Impact on the Future
When I was teaching children, the biggest age difference in a class was four years, and that only occurred when I had a student who had been held back a year and one who was a little young for the grade. Four years can make a difference in maturity levels with kids the age I had, but the overall effect was minimal.
Teaching adults, however, will be quite different. Realistically, I could expect students who have recently finished high school or college alongside those who are counting seconds to retirement. The students will have different values, needs, experiences, and outside influences. The stages of life bring different challenges. Being aware of those differences can help me anticipate possible barriers to learning.
Dealing with physical concerns, I may need to speak louder or slower for students who have hearing deficits. Tiny print and dim lighting might not be an option.
Psychological issues come into play when I deal with students at different stages. For example, a reasonable accommodation may need to be made when a student misses a class or deadline for taking care of a sick child or aging parent.
Socio-cultural differences are in effect, too. The older generations have different values than the younger ones, and different things motivate them. Sometimes the variations in their perspectives can encourage interesting conversation, but conflicts can develop, too.
Familiarity with the different theories can help me plan and execute lessons, but some care will need to be taken to make sure decisions are not made based on stereotypes. The models are reliable to a point, but even the research on the effects of aging is inconclusive.

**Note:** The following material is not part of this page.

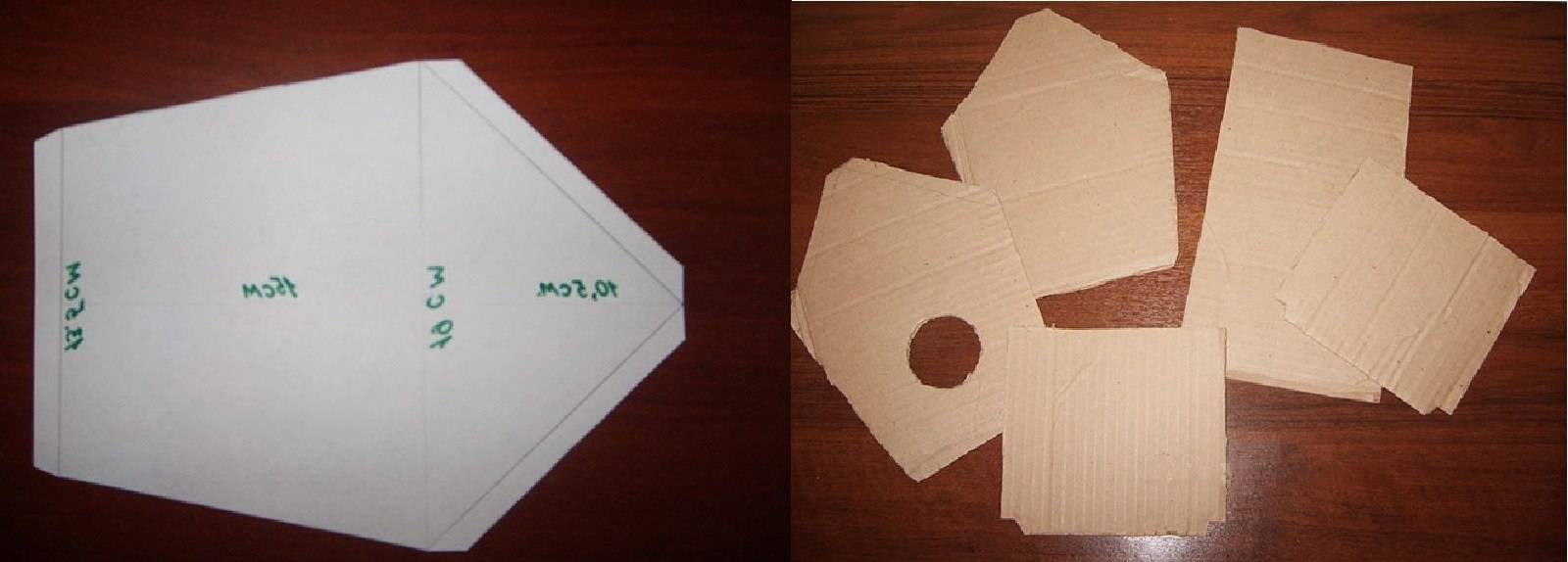 На простой бумаге делаем разметку будущей конструкции. Переносим схему на гофрокартон и вырезаем все детали в двойном экземпляре.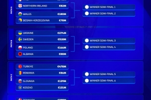 世预赛欧洲区附加赛球队身价排名:

To improve my thought processes about education, I might need to look specifically into the views of education in different cultural groups. Although I spent all but two years of my teaching career in districts where my race was in the minority, the mandated curricula allowed little consideration for cultural backgrounds. Every year, when we spent time disaggregating the previous year’s test data, there was a lot of talk about differentiation, but that usually turned out to be a hand-wave. The school year would get going, and the mandated curricula had to be taught with fidelity, precluding any real differentiation.
A better understanding on the different assumptions and views my students have will help me design lessons that help them succeed.
About.com: Psychology. (2013). Erikson’s psychosocial stages summary chart. Retrieved from http://psychology.about.com/library/bl_psychosocial_summary.htm
Merriam, S. B., Caffarella, R. S., & Baumgartner, L. M. (2007). Learning in adulthood: A comprehensive guide (3rd ed.). San Francisco, CA: Jossey-Bass.